8 mars : les voix des femmes iraniennes

Sara Najafi, photo prise avec mon iphone lors de la projection du film

Sara Najafi, photo prise avec mon iphone lors de la projection du film

Chaque année, les fidèles lecteurs le savent, je consacre mon billet en date du 8 mars à des photos de femmes, photos réalisées lors de mes voyages : Chine, Népal, Ouzbékistan, Inde du Sud, Mali, Vietnam, Rajastan, Syrie, Jordanie, Maroc etc… Mais hasard du calendrier, je ne pars pour mon prochain voyage, l’Iran, que dans 3 semaines. Mais sans attendre mon retour, je vais quand vous même parler de femmes iraniennes.

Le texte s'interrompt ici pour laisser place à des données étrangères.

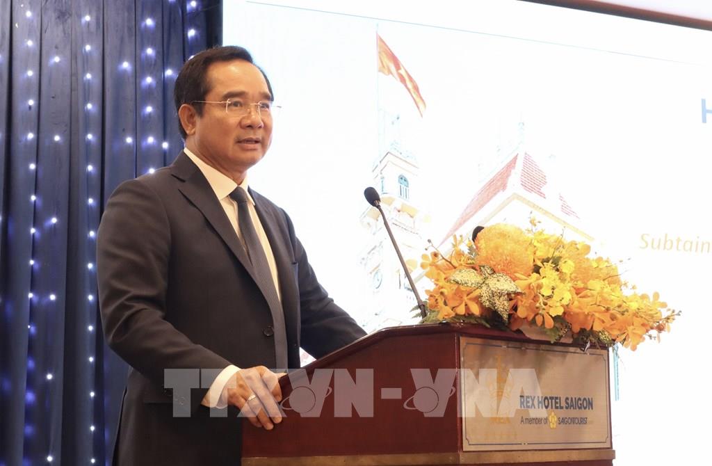 Ông Nguyễn Văn Được, Chủ tịch UBND TP. Hồ Chí Minh, phát biểu tại Hội nghị. Ảnh: Xuân Anh -TTXVN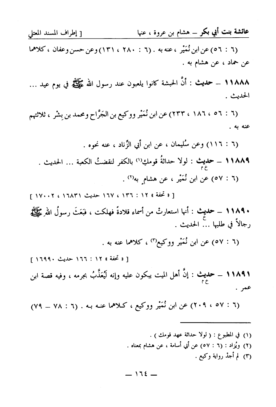 11889 -[خ م] حديث لولا حداثة قومك بالكفر لنقضت الكعبة ... . الحديث (6: 57) عن ابن نمير عن هشام به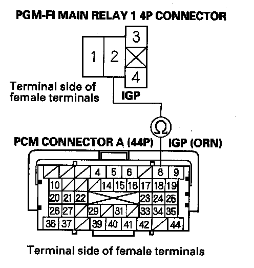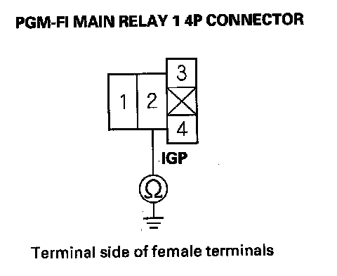 44. Check for continuity between PGM-FI main relay 1 4P connector terminal No. 2 and body ground.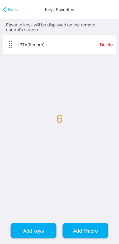 Macro & Favorite Keys: If the physical keys on your remote aren’t enough, you can create macros and select favorite keys in the app. These will appear as soft keys on your remote’s screen.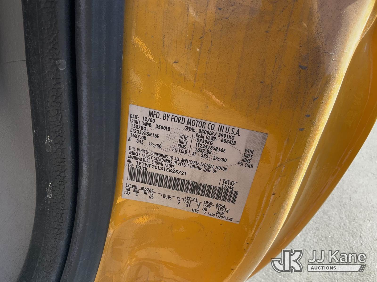 2001 Ford F-250 SD Pickup Truck, 8-cyl gas, Auto, A/C, with Tow Package , (Exempt from Odometer Disclosure - Reads 63,825 miles) (Runs & Moves) (Missing Catalytic Converter, Missing Tail Lights & Tail Gate) (Bidding Restricted to Licensed Vehicle Dealers Only), This is a Titled Item NOTE: This unit is being sold AS IS/WHERE IS via Timed Auction and is located in Jurupa Valley, CA. Inspection & preview days for this unit are the 2 business days prior to the first day of items closing for this auction, item is located at 4510 Muth Way Jurupa Valley, CA 92509 and hours of operations are 8a-4p. For pre-sale questions, please contact please contact Office Staff @ (310) 353-7140. Dealer License Number 45696. (Buyer is responsible for removal. Assistance by consignor or JJ Kane Auctioneers is not assured.)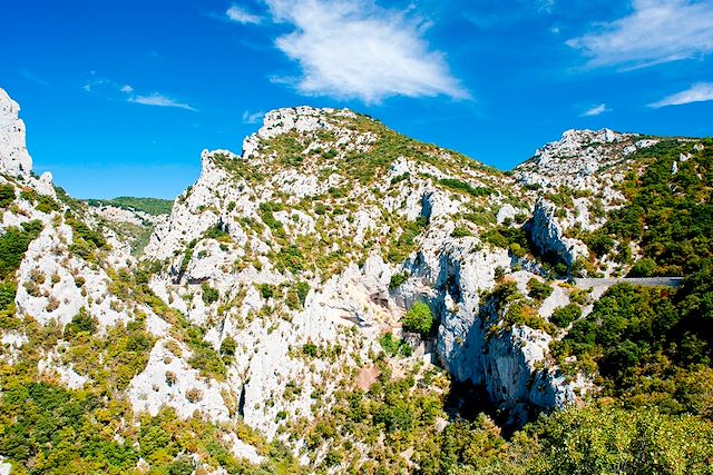 Nature sauvage, crêtes calcaires, pentes couvertes de garrigue odorante, bosquets ombragés contrastent avec l’aspect plus ordonné du vignoble de la vallée.

En effet, j’ai assisté hier soir, en présence de la productrice,  à l’avant première du film No land’s song.

photo prise avec mon iphone

photo prise avec mon iphone

Depuis la révolution de 1979, les femmes n’ont plus le droit de chanter en public en tant que solistes, surtout si des hommes se trouvent dans le public.

Sara Najafi fait de la musique depuis son plus jeune âge et est la première femme diplômée en composition de son pays.

En 2009 elle décide d’organiser un concert officiel pour femmes solistes avec sur scène non seulement des Iraniennes mais aussi deux Françaises (Elise Caron et Jeanne Chérhal), une tunisienne (Emel Mathlouthi) et en faisant travailler ensemble une poignée de musiciens à Paris et Téhéran. C’est son frère Ayat qui réalise le film.

Elle veut ainsi rendre hommage aux grandes chanteuses d’avant la révolution qui animaient les cabarets de Téhéran et plus particulièrement à Qamar qui dans les années 20, permit l’éclosion d’une scène musicale féminine en Iran.

Les vrais problèmes commencent lorsque Sara se met à défier le pouvoir de la censure et c’est aussi un des objectifs de ce documentaire : « Montrer comment fonctionne la censure de l’intérieur et en même temps la combattre. »

Un film émouvant et une ode au courage des femmes.

photo prise avec mon iphone lors de la projection.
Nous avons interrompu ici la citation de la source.